When my children were teenagers, we took into our home and family two Cuban children. It was needed and it was the right thing to do. We gained as much from the experience as they did. But would I do that today? I don’t know. I am now “spoiled” with my many blessings of comforts, kindness, love and security that surround me. My son and daughter are supportive, and attentive. In fact, I call my daughter, “my Jewish mother.” Dear friends (some have been close for over 50 years) have added to my pleasant existence, and I am grateful for these blessings. 

But I am also troubled by President Trump’s decisions that are destroying our democracy and his determination to eliminate diversity in our America.

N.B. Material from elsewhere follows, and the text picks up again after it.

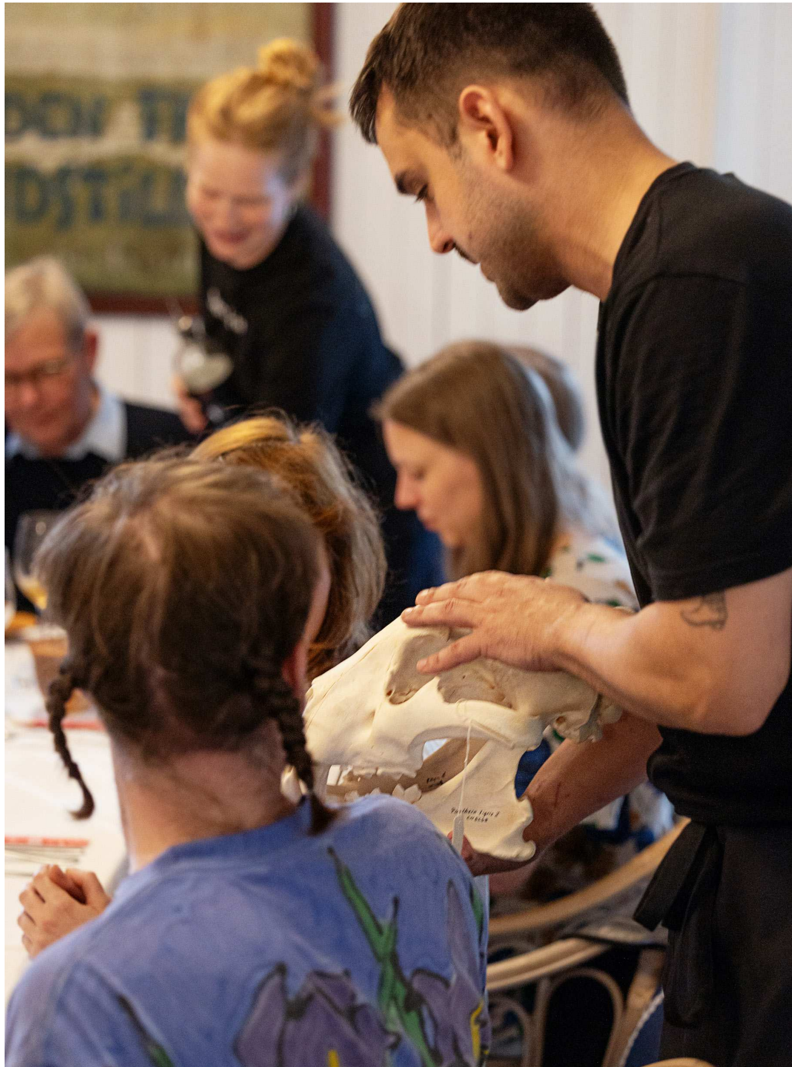
Instant Noodle Pig Snout Truffle Soup with Sensibility Tea Foot Bath Soup. Før servering blev et tigerkranium spejlet i suppen og fodbadet for at skræmme onde ånder væk (efter en scene i Murasaki Shikibus dagbog), 2025

Two generations ago when my grandparents came to America from Poland, poor as can be, they were nonetheless welcomed. If they were immigrants from Mexico at that time, they would have been accepted in the same manner. The radical contrast to Trump’s “no tolerance” treatment of South and Central American immigrants today, is shocking. Imagine, separating children from these asylum-seeking families and subjecting them to prison, living as though they are criminals; how can this be happening in our nation?

As I count my personal blessings, I realize I must continue pestering our senators and protest against Trump’s Hitlerian actions. We want all those in America to have the freedom for the pursuit of happiness. Will you join me?

Harriet Hausman is a River Forest resident and a longtime member of the ACLU.